Natural Gas Prices: Has The Flame Been Lit? (XOP, UNG, XOM, CVX, APC, CHK, APA)
David Gillie: As an equities analyst, I’m expected to know the answer to this question. Quite honestly, I don’t. Here’s why:
We’ve seen this movie before. There is a gap up in price, traders think “it can’t go any lower”… “it’s different this time” and then, BANG, they get burned.
Maybe it is different this time. What happened? What’s different now? Is $5 the ‘magic number’? Is there suddenly a new demand for Natural Gas?
What might be different this time is that the last of the die-hard Natural Gas (NYSEArca:UNG) hopefuls got flushed out on heavy volume selling in January. Basically, this tells us that there simply aren’t any sellers left. Nat Gas futures hit the 2009 lows in this last sell-off which is also a decade long low point. Unsurprisingly, Nat Gas is extremely oversold. Could these extremes signal a support level? Maybe so.
The Commitment of Traders (COT) on institutional investors is still extremely low—traders can pop the price—even have a high volume day or two. However, we’ll need to see commitment from institutional buyers to have some assurance this is a “true bottom”. Even if we do have a “true bottom”, this doesn’t necessarily assure a “to the moon, Alice” rally either.
Nat Gas futures show all the right signs of a bottoming process. Premarket futures on Monday, saw prices skidding along at the lows of $2.25 with an explosive move up at 8AM. A strong follow-through for the trading session saw nearly a 10% gain. Profit-taking on the session was minor into the close. A move like this could very well hit the radar screens of institutional investors and substantiate the move. A return to the $5.00 price in February and June highs of 2011 would be a 100% gain. In 2008, Nat Gas futures were over $13 (crude was $140/bbl). I’m not promising double, triples or 10x’s, but there’s certainly some room for Nat Gas to move.
Here’s the best way I think to catch this potential move, while at the same time, having oil exploration as a safety net.
XOP is a highly diversified ETF in the Oil and Gas Exploration industry with holdings ranging from small caps to some of the most well-know mega caps such as Exxon (NYSE:XOM) and Chevron (NYSE:CVX). XOP also holds familiar names in Nat Gas production such as Anadarko (NYSE:APC), Chesapeake (NYSE:CHK) and Apache (NYSE:APA). Even within the Oil & Gas Exploration industry, XOP is further diversified with Exploration and production comprising 76.30% of its holdings and sub-indexes of Refining & Marketing, 14.44% and Integrated Oil & Gas at 9%.
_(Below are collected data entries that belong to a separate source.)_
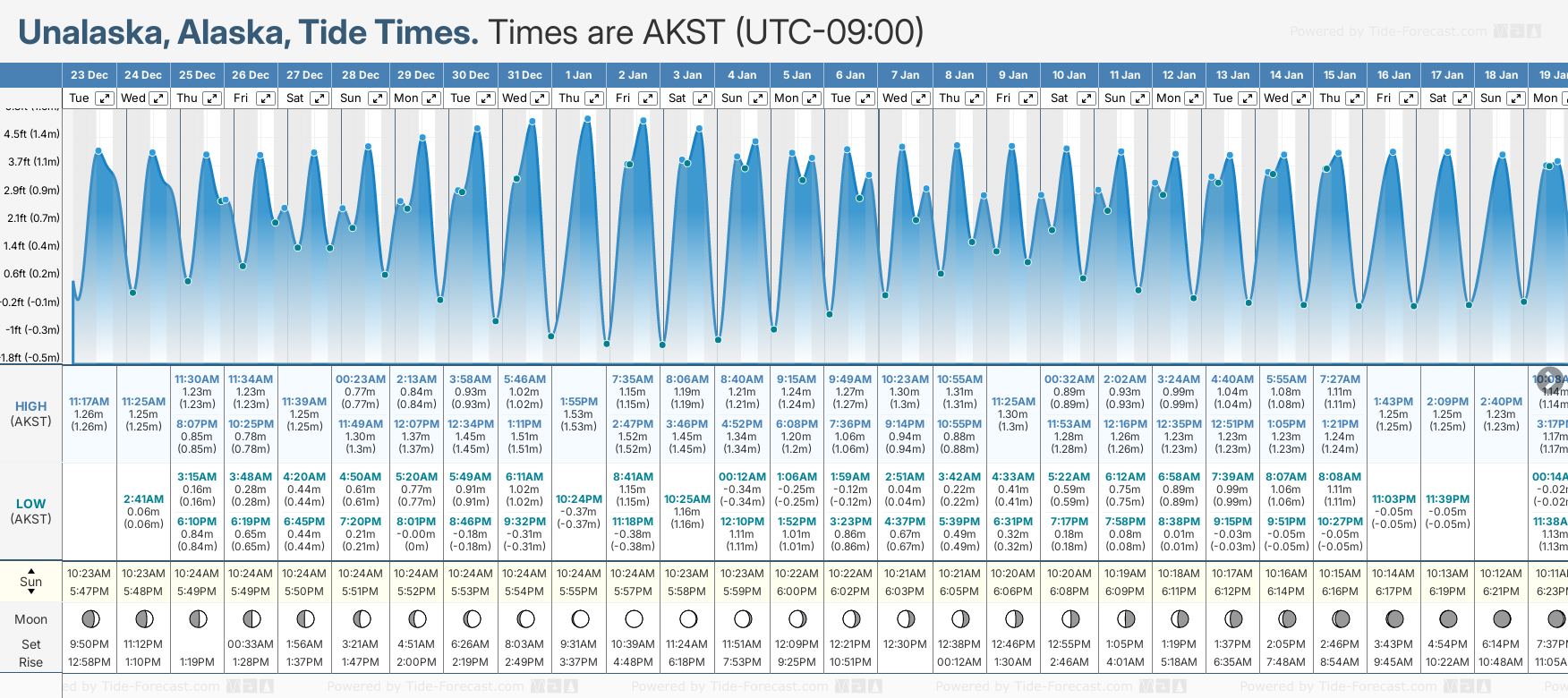 Unalaska tide times for December and January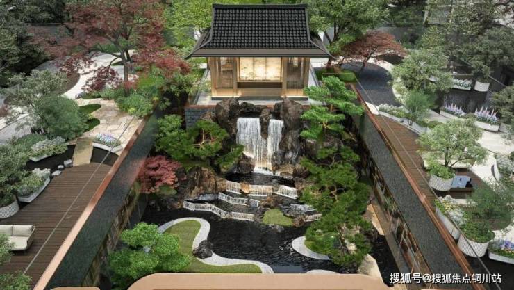 正中耸立着中式观瀑亭「风雅堂」,两侧护栏旁设置休闲座椅,让你可以在不同位置俯瞰下沉庭院的精妙。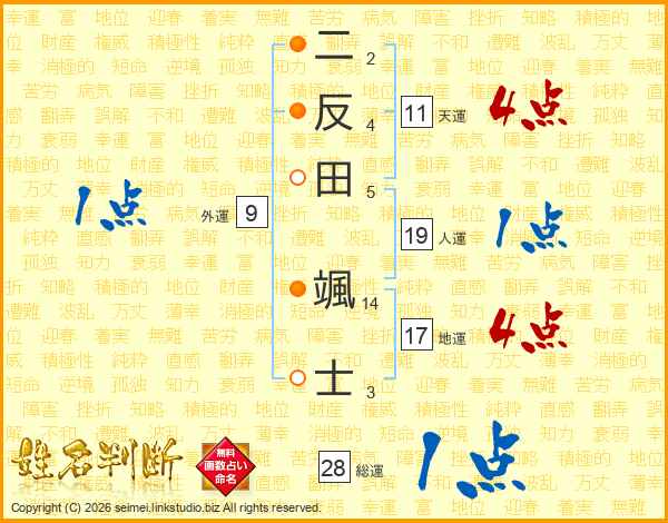 生活面を象徴する運勢です。外部から受ける影響力を表し、結婚運、家庭運や職場、環境への順応性を表します。総運から人運を引いた画数。姓や名が1文字の場合を除く。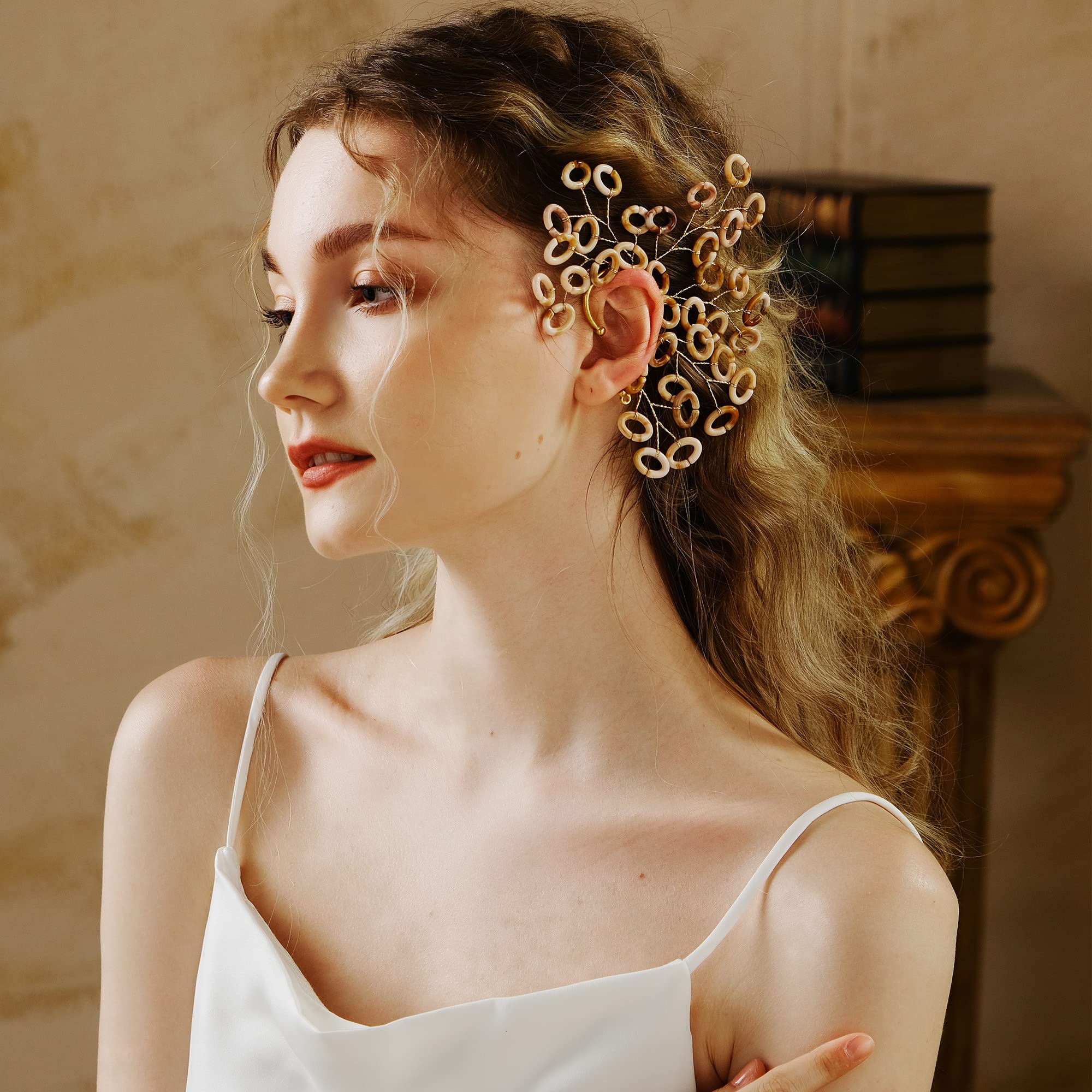 - 【Introduction】Handmade European and American fashion bridal fairy left elf ear cuffs earring, can be worn without piercing.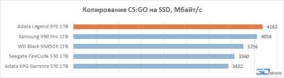Все эти факторы в сумме приводят к тому, что максимальная скорость, которую можно получить при обычном копировании файлов на Adata Legend 970, достигает 3,9 Гбайт/с. Это не выше, чем обеспечивают лучшие PCIe 4.0 SSD, например Adata XPG Gammix S70, где используется 176-слойная TLC 3D NAND компании Micron, позволяющая сформировать массив с вдвое более высокой степенью параллелизма.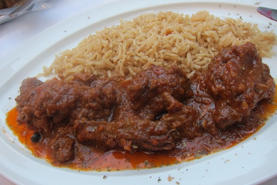 Slices of pork sautéed in a mushroom sauce with green, white, and pink peppercorns and served with a side of rice. Very, very savory with just a little kick. So good.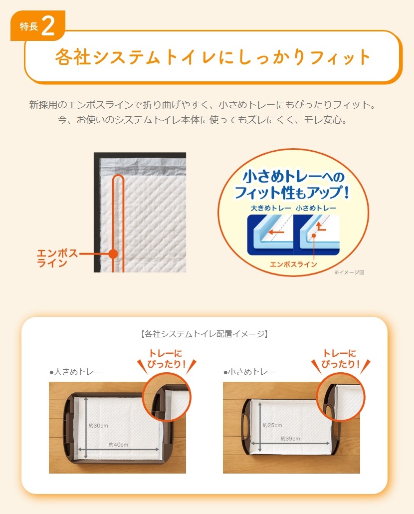 ●新採用のエンボスラインで、シートが折り曲げやすく、小さめトレーにもぴったりフィット。 ●今お使いのシステムトイレ本体に使っても、ズレにくく、モレ安心!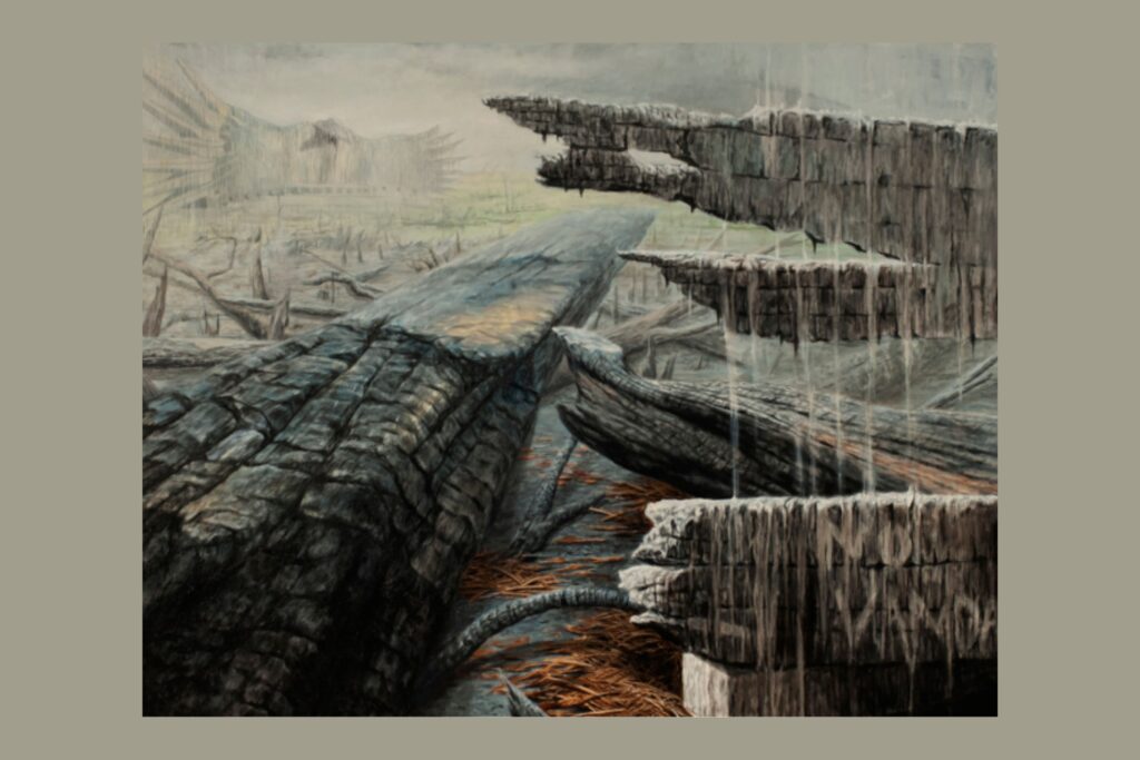 (2) Sisa-sisa Pembangunan, lukisan ini merekam jejak pembangunan besar-besaran yang mengorbankan alam. Reruntuhan kayu hangus dan tunggul pohon yang patah mendominasi kanvas, sementara di kejauhan, siluet megah sebuah proyek pembangunan tampak samar.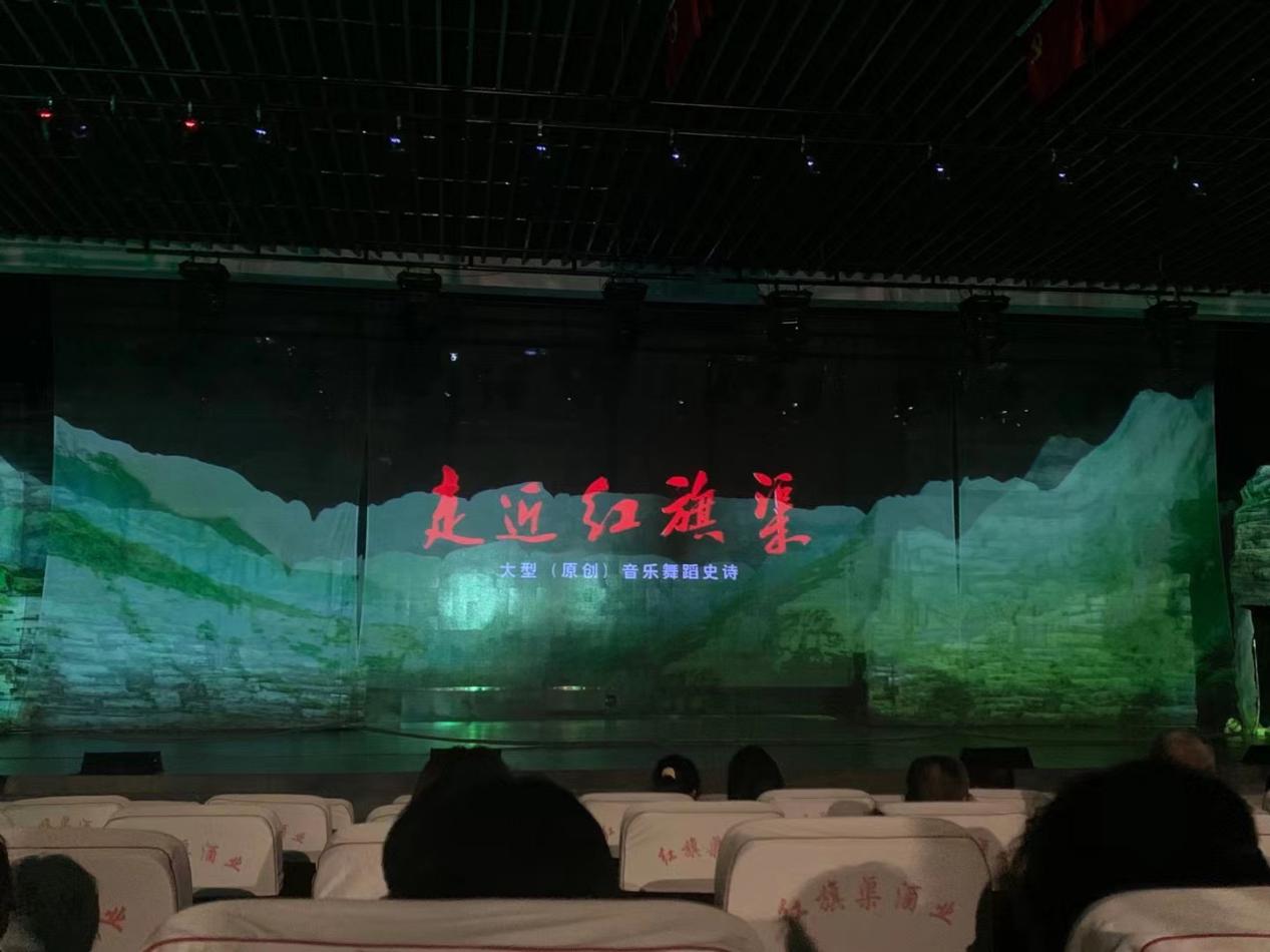 结合今年建党一百周年的主题,为了让青年大学生坚定理想信念,激发爱党爱国情怀,采风第二天带领学生参观了“世界第八大奇迹”被称为“人工天河”的红旗渠。师生们亲身感受红旗渠的伟大,在工作人员的讲解中,听到很多动人的故事,深深感受到“自力更生,艰苦奋斗,团结协作,无私奉献”的红旗渠精神,领略了当年共产党员和青年人昂扬的革命斗志和战天斗地的英雄气概。晚上,师生共同观看大型歌舞史诗剧《走近红旗渠》。大家对演员们的精彩表演报以热烈的掌声。尤其是看到为修建红旗渠而牺牲的我校优秀校友吴祖太总设计师的事迹时,同学们纷纷感动落泪。这也为之后节目的创编积累了宝贵的素材。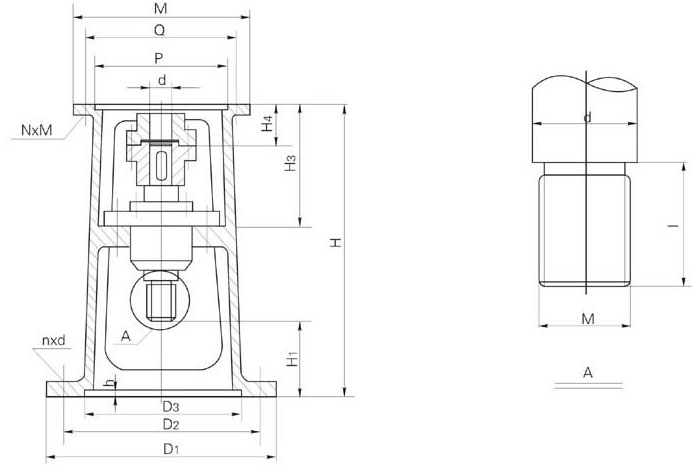 TB型HG5-251-69標(biāo)機(jī)架不宜于選用無(wú)支點(diǎn)、單支點(diǎn)機(jī)架時(shí),應(yīng)選用雙支點(diǎn)機(jī)架。但選用的雙支點(diǎn)機(jī)架下支點(diǎn)軸承結(jié)構(gòu)采用帶緊定套的錐孔調(diào)心滾子軸承便利于安裝維修,且攪拌軸與減速機(jī)之間的聯(lián)接 選用HL型彈性柱銷聯(lián)軸器。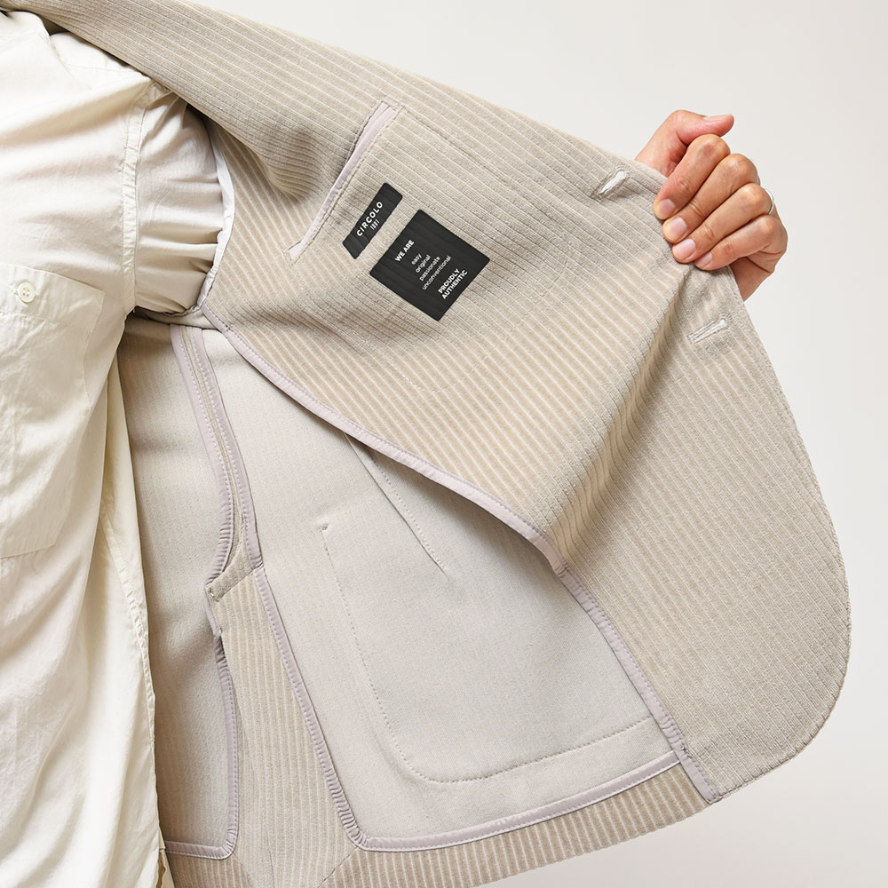こちらのジャケットはセットアップになるパンツ(別売)をご用意しております。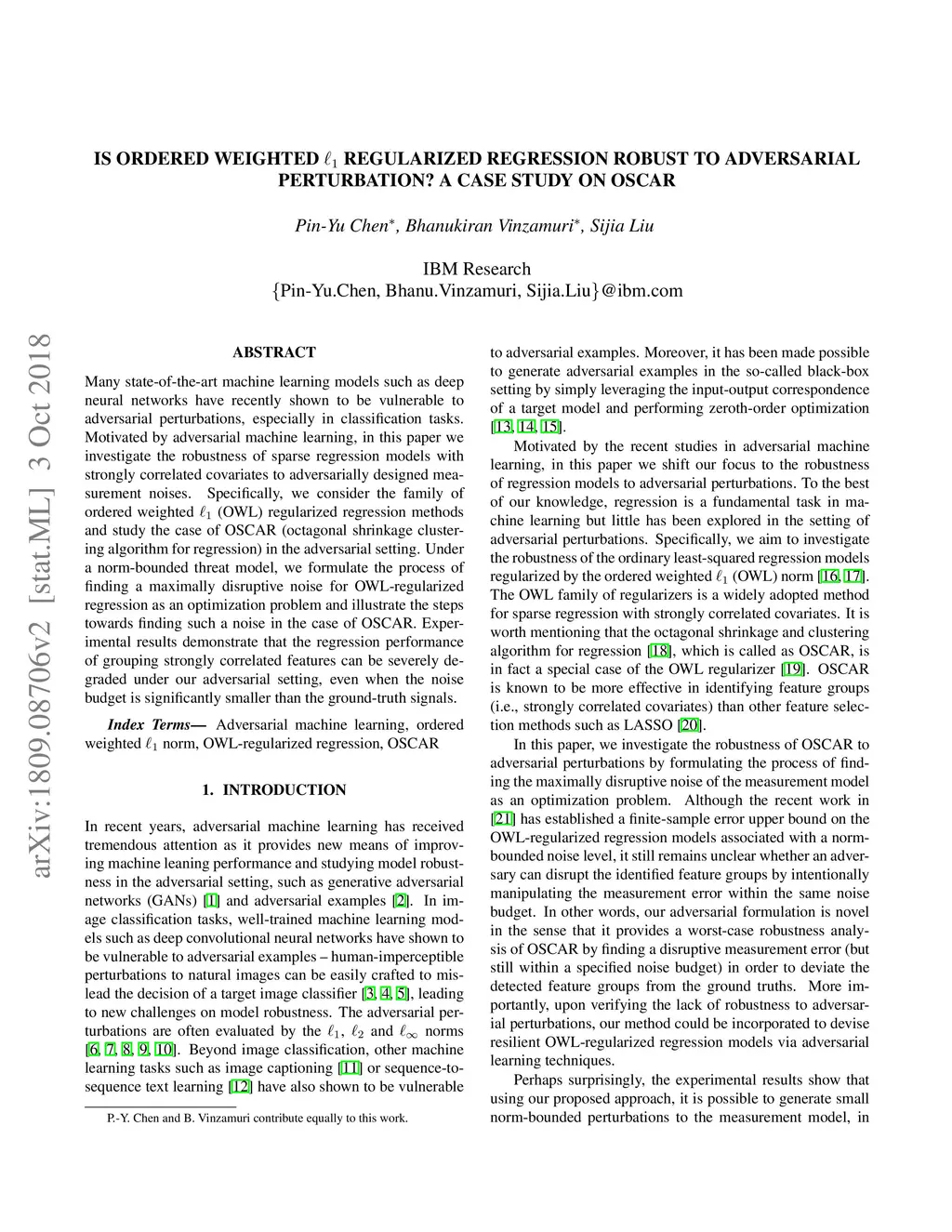 Many state-of-the-art machine learning models such as deep neural networks have recently shown to be vulnerable to adversarial perturbations, especially in classification tasks. Motivated by adversarial machine learning, in this paper we investigate the robustness of sparse regression models with strongly correlated covariates to adversarially designed measurement noises. Specifically, we consider the family of ordered weighted (OWL) regularized regression methods and study the case of OSCAR (octagonal shrinkage clustering algorithm for regression) in the adversarial setting. Under a norm-bounded threat model, we formulate the process of finding a maximally disruptive noise for OWL-regularized regression as an optimization problem and illustrate the steps towards finding such a noise in the case of OSCAR. Experimental results demonstrate that the regression performance of grouping strongly correlated features can be severely degraded under our adversarial setting, even when the noise budget is significantly smaller than the ground-truth signals.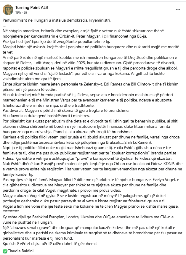 Një postim që po qarkullon në rrjete sociale, përfshi ato shqipfolëse, bën një profil skandalizues të kryeministrit të ri hungarez, Peter Magyar. Ky portretizim synon të vendosë në dyshim vlerat e demokracive perëndimore që u entuziasmuan për fitoren e tij historike në zgjedhjet e 12 prillit.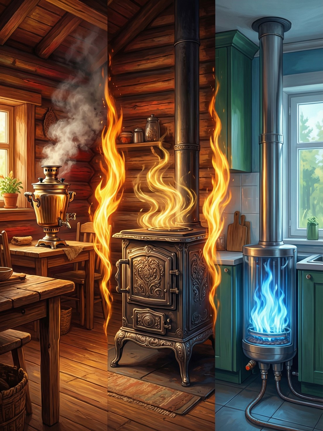 «Деградация буржуйки» — не о печке, а о распаде целостного мышления. От пещерного очага до ржавой бочки в форточке: история того, как человечество забыло, что один огонь может дать всё — тепло, еду, воду и смысл.

If Nat Gas is going to make a move, XOP is going to catch it. This is confirmed by the price action on Monday.
Not only does XOP give us the back up of its holdings in crude exploration and production, we also have several positive technicals on the chart.
In a macro view, we’ve developed an inverted head and shoulders pattern with the August, October and December lows—a bullish pattern. Monday, we broke and held above the 200 day moving average and experienced a wedge pattern breakout, again, both bullish. The trend lines forming the wedge pattern are projecting an intersection in the next few days which often triggers a significant move.
None of our indicators are in an overbought condition and all are in a positive projection. XOP doesn’t see resistance until the upper channel line around $59 currently. This gives a realistic potential of better than a 9% move in the near term.
I see XOP as a prudent means of exposure to a potential reversal in natural gas futures.
Disclosure: I currently have no position in XOP.